Saturday, November 24, 2012

Thermometer or Thermostat?

The discussion the other day was about the church. A metaphorical question was raised: Is the Church a thermometer or thermostat?

One could explore that thought in a variety of ways, but let’s ask that question about how we worship currently. Is what we do on a Sunday morning a mere reflection of the cultural temperature of the world around us? Or, could it possibly be that the celebrations of little bands of God’s people on the Lord’s Day might affect the worldly culture with needed changes?
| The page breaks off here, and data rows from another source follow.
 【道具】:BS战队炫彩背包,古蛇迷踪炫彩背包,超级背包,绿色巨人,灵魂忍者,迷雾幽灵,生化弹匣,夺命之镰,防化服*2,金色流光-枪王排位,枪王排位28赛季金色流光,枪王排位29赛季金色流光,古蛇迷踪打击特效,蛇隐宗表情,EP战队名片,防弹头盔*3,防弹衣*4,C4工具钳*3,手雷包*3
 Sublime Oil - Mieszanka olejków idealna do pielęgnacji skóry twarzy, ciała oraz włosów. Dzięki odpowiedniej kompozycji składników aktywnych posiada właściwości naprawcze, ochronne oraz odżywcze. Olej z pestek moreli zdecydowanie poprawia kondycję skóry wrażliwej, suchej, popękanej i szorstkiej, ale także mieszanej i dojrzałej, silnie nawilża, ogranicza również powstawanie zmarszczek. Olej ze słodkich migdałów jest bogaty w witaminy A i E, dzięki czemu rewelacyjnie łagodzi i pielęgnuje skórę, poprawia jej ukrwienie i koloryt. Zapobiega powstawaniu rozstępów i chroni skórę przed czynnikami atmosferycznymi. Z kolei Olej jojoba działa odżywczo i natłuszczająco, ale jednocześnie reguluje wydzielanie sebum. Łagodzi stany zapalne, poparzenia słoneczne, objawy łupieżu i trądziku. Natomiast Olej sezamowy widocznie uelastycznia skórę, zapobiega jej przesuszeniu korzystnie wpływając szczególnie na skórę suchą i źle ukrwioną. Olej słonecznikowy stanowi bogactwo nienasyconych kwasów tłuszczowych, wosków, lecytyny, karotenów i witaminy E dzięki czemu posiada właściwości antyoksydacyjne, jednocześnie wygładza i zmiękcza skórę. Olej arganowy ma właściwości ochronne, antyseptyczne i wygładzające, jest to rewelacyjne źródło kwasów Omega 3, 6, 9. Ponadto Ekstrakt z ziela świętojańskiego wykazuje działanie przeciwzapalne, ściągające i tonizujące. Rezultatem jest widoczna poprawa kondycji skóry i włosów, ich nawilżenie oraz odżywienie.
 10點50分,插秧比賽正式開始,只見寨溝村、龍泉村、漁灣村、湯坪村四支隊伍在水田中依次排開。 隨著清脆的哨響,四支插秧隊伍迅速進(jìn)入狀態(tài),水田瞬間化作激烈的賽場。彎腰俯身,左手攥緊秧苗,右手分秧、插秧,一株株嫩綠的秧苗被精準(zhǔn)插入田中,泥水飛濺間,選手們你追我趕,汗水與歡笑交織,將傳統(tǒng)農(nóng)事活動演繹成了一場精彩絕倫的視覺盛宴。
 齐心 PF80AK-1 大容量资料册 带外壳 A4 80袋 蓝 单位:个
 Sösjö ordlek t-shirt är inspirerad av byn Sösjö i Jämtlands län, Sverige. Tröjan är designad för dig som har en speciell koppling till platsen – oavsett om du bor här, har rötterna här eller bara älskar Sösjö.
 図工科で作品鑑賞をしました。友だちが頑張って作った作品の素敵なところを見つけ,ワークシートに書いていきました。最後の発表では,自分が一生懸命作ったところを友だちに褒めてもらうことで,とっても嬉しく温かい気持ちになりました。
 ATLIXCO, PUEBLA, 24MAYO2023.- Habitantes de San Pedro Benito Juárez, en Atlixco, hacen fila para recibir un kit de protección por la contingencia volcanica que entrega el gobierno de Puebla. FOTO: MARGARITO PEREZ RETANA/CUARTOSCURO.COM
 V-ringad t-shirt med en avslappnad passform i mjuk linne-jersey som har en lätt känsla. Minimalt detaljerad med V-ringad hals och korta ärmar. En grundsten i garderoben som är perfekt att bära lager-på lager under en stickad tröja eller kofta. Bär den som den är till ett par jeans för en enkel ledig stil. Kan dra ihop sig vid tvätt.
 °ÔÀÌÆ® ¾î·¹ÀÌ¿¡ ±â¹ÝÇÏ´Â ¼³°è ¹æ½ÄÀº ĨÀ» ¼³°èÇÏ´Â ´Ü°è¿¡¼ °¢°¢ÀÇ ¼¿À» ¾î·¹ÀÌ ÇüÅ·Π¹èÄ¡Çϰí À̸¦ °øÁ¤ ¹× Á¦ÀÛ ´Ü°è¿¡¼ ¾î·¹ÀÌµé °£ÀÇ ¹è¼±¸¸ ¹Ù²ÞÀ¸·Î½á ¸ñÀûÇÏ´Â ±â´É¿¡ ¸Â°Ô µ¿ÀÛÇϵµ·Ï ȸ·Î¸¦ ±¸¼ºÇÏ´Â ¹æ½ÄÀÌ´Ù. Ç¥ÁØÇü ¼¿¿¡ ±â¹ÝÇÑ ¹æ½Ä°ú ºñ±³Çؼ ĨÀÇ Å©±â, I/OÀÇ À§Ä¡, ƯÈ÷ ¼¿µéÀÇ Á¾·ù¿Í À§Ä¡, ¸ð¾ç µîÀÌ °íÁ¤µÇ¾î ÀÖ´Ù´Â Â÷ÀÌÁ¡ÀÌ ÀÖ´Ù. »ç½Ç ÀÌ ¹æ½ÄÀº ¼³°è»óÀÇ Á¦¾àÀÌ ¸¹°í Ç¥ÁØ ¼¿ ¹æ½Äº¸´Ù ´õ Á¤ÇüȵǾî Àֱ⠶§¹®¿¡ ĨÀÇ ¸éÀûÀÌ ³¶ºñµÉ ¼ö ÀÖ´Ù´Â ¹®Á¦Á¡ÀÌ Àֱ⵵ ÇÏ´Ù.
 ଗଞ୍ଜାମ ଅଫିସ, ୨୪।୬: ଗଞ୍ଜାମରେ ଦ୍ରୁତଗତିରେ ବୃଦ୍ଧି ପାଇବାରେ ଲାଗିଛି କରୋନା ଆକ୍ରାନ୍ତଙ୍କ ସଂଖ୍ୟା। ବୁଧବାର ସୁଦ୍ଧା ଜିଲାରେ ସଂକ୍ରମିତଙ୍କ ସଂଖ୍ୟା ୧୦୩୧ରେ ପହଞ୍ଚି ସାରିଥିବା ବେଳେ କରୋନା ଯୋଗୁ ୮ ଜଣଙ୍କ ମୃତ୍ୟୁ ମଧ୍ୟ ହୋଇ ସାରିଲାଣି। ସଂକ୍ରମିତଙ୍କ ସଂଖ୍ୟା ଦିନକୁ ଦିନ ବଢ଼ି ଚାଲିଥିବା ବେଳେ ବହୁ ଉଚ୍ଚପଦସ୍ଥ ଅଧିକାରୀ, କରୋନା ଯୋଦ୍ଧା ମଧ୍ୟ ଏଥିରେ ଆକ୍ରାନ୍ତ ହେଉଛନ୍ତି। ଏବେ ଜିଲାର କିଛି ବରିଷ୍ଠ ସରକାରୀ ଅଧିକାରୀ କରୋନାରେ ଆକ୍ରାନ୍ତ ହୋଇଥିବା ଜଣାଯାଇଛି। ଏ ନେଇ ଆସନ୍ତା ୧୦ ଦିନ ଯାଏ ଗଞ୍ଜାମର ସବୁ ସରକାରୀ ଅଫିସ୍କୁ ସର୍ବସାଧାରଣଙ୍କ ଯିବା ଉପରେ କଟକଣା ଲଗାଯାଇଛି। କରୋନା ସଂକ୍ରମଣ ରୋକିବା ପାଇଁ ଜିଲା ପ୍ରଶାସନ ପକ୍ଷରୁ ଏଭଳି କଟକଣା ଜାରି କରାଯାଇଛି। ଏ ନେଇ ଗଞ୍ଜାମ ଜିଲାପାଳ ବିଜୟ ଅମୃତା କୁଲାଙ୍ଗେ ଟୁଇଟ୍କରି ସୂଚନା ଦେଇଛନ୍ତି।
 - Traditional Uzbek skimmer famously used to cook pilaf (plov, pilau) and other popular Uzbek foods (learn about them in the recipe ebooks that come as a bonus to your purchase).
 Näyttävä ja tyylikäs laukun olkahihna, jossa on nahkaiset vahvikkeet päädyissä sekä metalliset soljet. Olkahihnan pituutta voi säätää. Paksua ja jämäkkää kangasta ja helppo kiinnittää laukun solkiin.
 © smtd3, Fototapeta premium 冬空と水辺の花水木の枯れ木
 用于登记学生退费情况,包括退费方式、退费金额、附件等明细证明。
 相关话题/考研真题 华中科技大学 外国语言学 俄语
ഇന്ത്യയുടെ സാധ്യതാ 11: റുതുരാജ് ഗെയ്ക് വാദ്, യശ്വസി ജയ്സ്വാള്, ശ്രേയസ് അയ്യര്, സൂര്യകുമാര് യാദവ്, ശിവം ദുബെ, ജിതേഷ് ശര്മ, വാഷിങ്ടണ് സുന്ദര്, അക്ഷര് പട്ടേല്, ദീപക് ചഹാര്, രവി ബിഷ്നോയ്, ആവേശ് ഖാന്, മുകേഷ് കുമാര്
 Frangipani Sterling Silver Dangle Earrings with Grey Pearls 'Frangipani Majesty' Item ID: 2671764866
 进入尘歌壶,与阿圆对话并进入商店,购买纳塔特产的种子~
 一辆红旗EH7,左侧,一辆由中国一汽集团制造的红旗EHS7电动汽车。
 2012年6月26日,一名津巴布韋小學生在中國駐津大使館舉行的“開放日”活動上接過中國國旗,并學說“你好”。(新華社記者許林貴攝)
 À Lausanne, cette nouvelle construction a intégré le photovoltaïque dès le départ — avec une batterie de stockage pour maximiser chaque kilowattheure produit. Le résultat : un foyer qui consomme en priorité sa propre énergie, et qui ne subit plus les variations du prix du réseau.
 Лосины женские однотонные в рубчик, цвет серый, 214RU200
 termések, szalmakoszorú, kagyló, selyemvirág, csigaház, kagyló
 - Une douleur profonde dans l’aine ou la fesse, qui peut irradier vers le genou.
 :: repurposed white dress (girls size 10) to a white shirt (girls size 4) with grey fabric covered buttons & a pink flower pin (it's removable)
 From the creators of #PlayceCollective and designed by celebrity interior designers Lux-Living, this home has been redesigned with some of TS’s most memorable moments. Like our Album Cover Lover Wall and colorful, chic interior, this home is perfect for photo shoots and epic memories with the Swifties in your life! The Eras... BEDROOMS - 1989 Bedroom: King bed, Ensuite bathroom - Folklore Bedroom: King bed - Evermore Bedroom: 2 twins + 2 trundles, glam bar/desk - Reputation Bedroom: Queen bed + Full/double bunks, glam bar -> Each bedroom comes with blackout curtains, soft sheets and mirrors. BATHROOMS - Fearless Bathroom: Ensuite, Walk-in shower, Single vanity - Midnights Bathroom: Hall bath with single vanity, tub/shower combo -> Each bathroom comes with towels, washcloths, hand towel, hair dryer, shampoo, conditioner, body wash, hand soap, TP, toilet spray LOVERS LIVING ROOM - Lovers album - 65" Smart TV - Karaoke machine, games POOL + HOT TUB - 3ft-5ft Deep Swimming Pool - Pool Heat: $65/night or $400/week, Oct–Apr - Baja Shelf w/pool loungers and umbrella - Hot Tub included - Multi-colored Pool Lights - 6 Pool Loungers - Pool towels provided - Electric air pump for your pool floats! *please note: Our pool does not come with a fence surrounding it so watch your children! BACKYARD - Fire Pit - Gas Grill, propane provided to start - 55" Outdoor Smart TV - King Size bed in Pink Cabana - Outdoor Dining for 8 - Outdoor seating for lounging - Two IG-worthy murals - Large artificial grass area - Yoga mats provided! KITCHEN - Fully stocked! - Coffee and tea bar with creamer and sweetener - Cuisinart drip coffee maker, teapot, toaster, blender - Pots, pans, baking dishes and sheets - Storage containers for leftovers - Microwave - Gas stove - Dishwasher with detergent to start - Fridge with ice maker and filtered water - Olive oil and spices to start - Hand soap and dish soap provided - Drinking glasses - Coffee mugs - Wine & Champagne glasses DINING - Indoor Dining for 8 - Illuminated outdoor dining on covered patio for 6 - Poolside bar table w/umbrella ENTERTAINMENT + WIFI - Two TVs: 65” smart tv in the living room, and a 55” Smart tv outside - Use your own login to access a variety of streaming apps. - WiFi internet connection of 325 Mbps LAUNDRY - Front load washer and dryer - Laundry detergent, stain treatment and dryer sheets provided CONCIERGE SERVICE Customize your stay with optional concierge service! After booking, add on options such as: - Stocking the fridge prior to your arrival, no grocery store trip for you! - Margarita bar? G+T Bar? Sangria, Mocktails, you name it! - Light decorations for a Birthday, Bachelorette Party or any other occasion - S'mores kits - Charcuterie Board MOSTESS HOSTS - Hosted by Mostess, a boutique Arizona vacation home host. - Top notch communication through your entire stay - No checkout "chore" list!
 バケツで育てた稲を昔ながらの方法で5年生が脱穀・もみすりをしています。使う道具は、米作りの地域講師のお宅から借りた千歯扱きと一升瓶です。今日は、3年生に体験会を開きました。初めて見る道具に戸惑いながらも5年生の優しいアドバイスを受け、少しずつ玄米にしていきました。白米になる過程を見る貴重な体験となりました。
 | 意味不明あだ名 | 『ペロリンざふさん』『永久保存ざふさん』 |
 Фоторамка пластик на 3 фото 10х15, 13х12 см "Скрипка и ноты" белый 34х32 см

The temptation, of course, is to set our liturgical thermostat so that it corresponds to the desires and values of potential pew-sitters. If we want the younger generation, then we might do well, we think, to re-set the liturgy to look and sound like what they like.

That approach is doomed to failure, because sooner than later the culture shifts. The latest and greatest quickly becomes old hat, and the worship planners scramble to keep up with the curve.

The direction for our worship, then, comes from outside, from unreliable sources if you’re looking for lasting values and eternal truths.

This is not to say that twenty-first century worship should avoid everything new. Surely new liturgy is being created week-in-and-week-out in congregations around the world. Hymns are composed, prayers crafted, sermons delivered, believers and their children bathed, and people share a meal of bread and wine, all fresh and relevant to a particular time and place. At the same time, the content and message of today’s worship comes from another source.

Christian liturgy carries content designed to affect the people of God, and through them to change the world’s culture. In a very real sense, the substance of Christian worship is subversive, seeking to undermine prevailing unholy values. Yet sometimes the way we prepare and present worship serves to edit the message so it is less radical and more acceptable to the people in the pews.

For example, I always wonder why it is that a pastor or session or perhaps someone else in authority decides to omit a Prayer of Confession. Is it perhaps because there is an underlying conviction that no one there really has much if anything to confess, either to admit in front of everyone else in the room or, much less, to disclose to the Almighty?

Even if a prayer of confession is in the order of service, it can also be edited in such fashion as to be a spoonful of sugar rather than a bitter pill to swallow. Consider this familiar prayer that begins, “Merciful God, we confess that we have sinned against you in thought, word, and deed, by what we have done, and by what we have left undone. We have not loved you with our whole heart and mind and strength. We have not loved our neighbors as ourselves. . . .” That may be more honesty than some can tolerate. I remember one parishioner who regularly confronted me after church asserting, “I’m not as bad as it said in that prayer of confession.” He wanted a thermometer to read him as he thought he was, rather than a thermostat to point to how he ought to be, as indicated in the balance of that prayer: “In your mercy forgive what we have been, help us amend what we are, and direct what we shall be, so that we may delight in your will and walk in your ways, to the glory of your holy name.”

In the same fashion, the Confession of Faith can be left out altogether because the quaint concepts in the Nicene or Apostles’ Creeds are deemed irrelevant to our modern needs. I think it may have been the same parishioner I mentioned above who complained about the historic creeds as being “words put in his mouth.” Of course, a home-made creedal affirmation can be assembled that is more satisfactory to the general populace, but it will likely be theologically thin.

And sermons are at particular risk here. I always thought I was fairly straightforward in proclaiming the Gospel as both good news of God’s grace and a call for repentance and renewal. On retiring I found, however, that I felt much freer to preach the Gospel in full when the people listening were not paying my salary. We like to think there is not such pressure, but there really is.

At any rate, the purpose of worship is not to make us cozy and comfortable in the fact that God loves us. We come together to be renewed and resurrected to a life with the risen Christ. Sometimes this sounds more like bad news than good. That’s when we should start to see liturgy not as a thermometer that tells us where we are, but as a thermostat to regulate the temperature of our passion for Christian service and witness.

Do you ever take the opportunity to review a worship service with others? Have you ever noticed adjustments or softening of the Gospel’s demands and requirements?